James Dobbins, the US special representative for Afghanistan and Pakistan, said the US is working closely with all of Afghanistan's neighbors, most notably Pakistan, but not at all limited to Pakistan, in an effort to secure regional support for Afghanistan's stabilization and regional integration.
He described the effort as one of making Afghanistan a crossroads and regional hub for trade and investment in the region.
"We've consulted regularly and closely with China on issues related to Afghanistan and Pakistan," Dobbins told a press conference in Washington on Monday.
"We support greater Chinese involvement in the stabilization of Afghanistan and in the economic development of Afghanistan, including investments that China has made and investments that China might make in the future," he said.
Acknowledging that China has a close relationship with Pakistan, Dobbins said Chinese and American interests in this respect are largely aligned.

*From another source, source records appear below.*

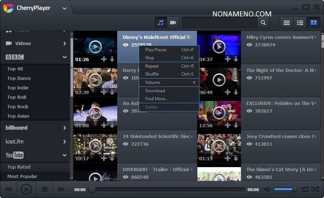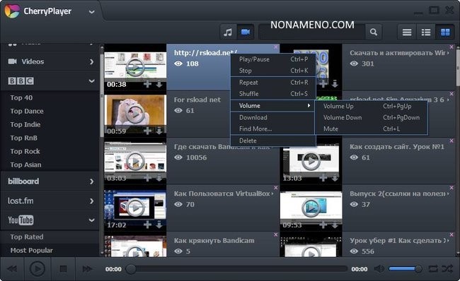Программа CherryPlayer предоставляет вам доступ на онлайн-сервисы как: YouTube, BBC, Bilboard и Last.fm, вы имеете возможность подбирать подходящие для вас категории видеоклипов и композиций, использовать поиск, смотреть наиболее популярные закачки, имеется в том числе и TOP-100 и список наилучших произведений, следовательно в случае, если вы не очень хорошо знаете, что сегодня смотреть либо прослушать, в любой момент сможете в нужный раздел и осмотреть все наиболее увлекательное и новое.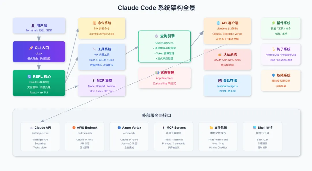 [1] 系统概述: #1-系统概述[2] 整体架构: #2-整体架构[3] 核心模块详解: #3-核心模块详解[4] 工具系统: #4-工具系统[5] MCP 集成: #5-mcp-集成[6] 状态管理: #6-状态管理[7] 认证系统: #7-认证系统[8] 会话管理: #8-会话管理[9] 命令系统: #9-命令系统[10] 插件系统: #10-插件系统[11] 数据流分析: #11-数据流分析[12] 技术栈: #12-技术栈[13] Claude Code 架构图解: #13-ClaudeCode架构图解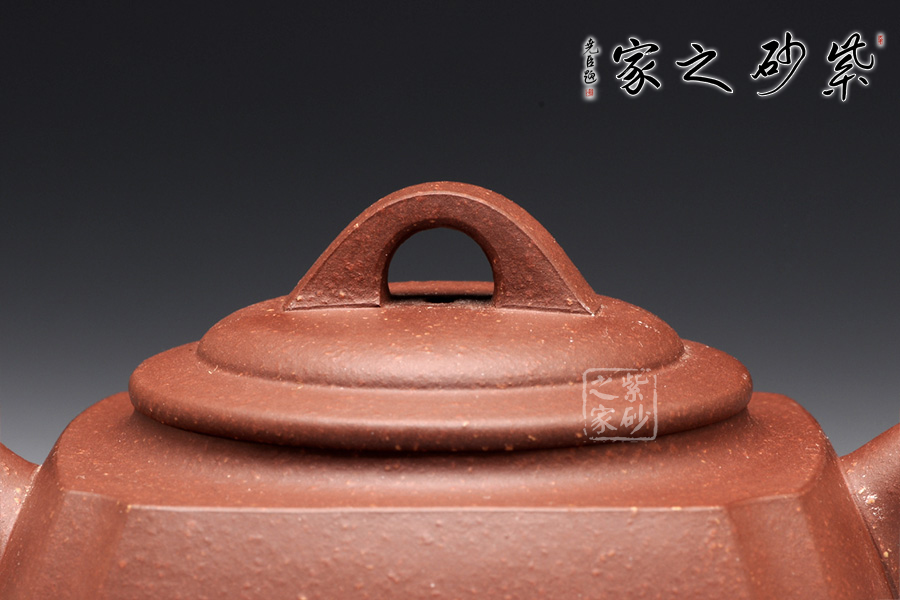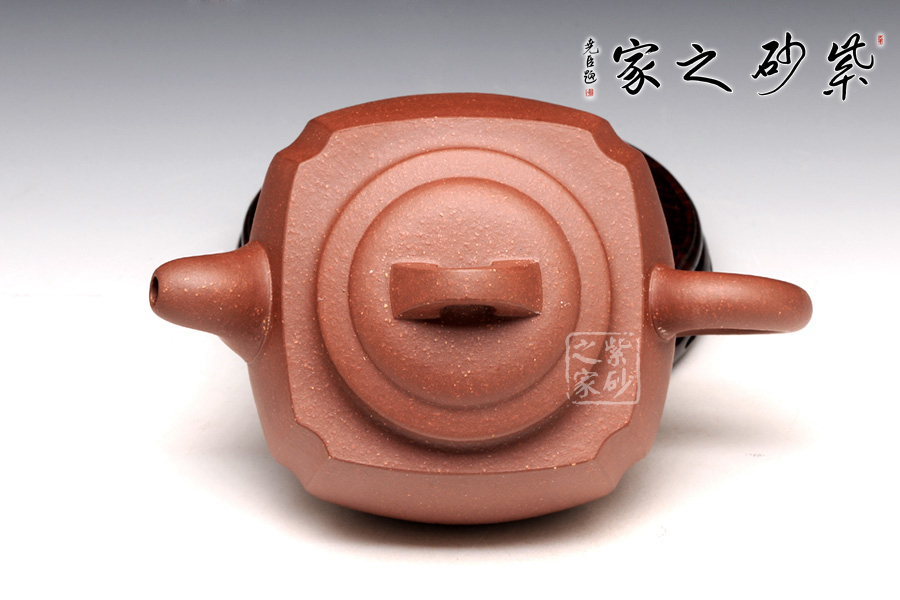 四方抽角不但有方形的神韻所在,也有圓的氣韻所在,所謂“方非一式,圓不相一”,方與圓的藝術(shù)在盧寧剛的老師手里表現(xiàn)得淋離盡致,將兩者完美的融合,壺身線條有圓潤的弧線特點也有方器線條干凈利落,明快挺秀之感,要做到如此效果對紫砂藝人的要求也是極高的。

"I think China, like the United States, is concerned about the growth of violent militancy in the region. China, like the US, would like to see Afghanistan stabilized and no longer becoming a source for potential instability in the region," said Dobbins, who was picked by Secretary of State John Kerry for the job on May 10 of this year and who also served as the George W. Bush administration's first special envoy to Afghanistan in the wake of the Sept 11, 2001 terrorists attacks.
"The United States and China have collaboration," he said.
Dobbins was joined on Sept 9 by Lu Kang, minister of the Chinese embassy in Washington and Afghan Ambassador to the US Eklil Ahmad Hakimi at a State Department ceremony for a China-US joint training program for 15 young Afghan diplomats. After a two-week training in the US, the group will go to China later this year for the second leg of the program.
"And this is only one of several areas in which the US and China are collaborating in this kind of advisory and capacity-building for the Afghans," Dobbins said.
It is the second year for the training program, which was first unveiled in May of last year at the China Foreign Affairs University in Beijing. Representatives from the Chinese and US embassies in Kabul jointly selected the group of promising Afghan junior diplomats, according to the US State Department.
In his congratulatory letter last week, Chinese Foreign Minister Wang Yi praised the program as a successful model for China-US cooperation in a third country.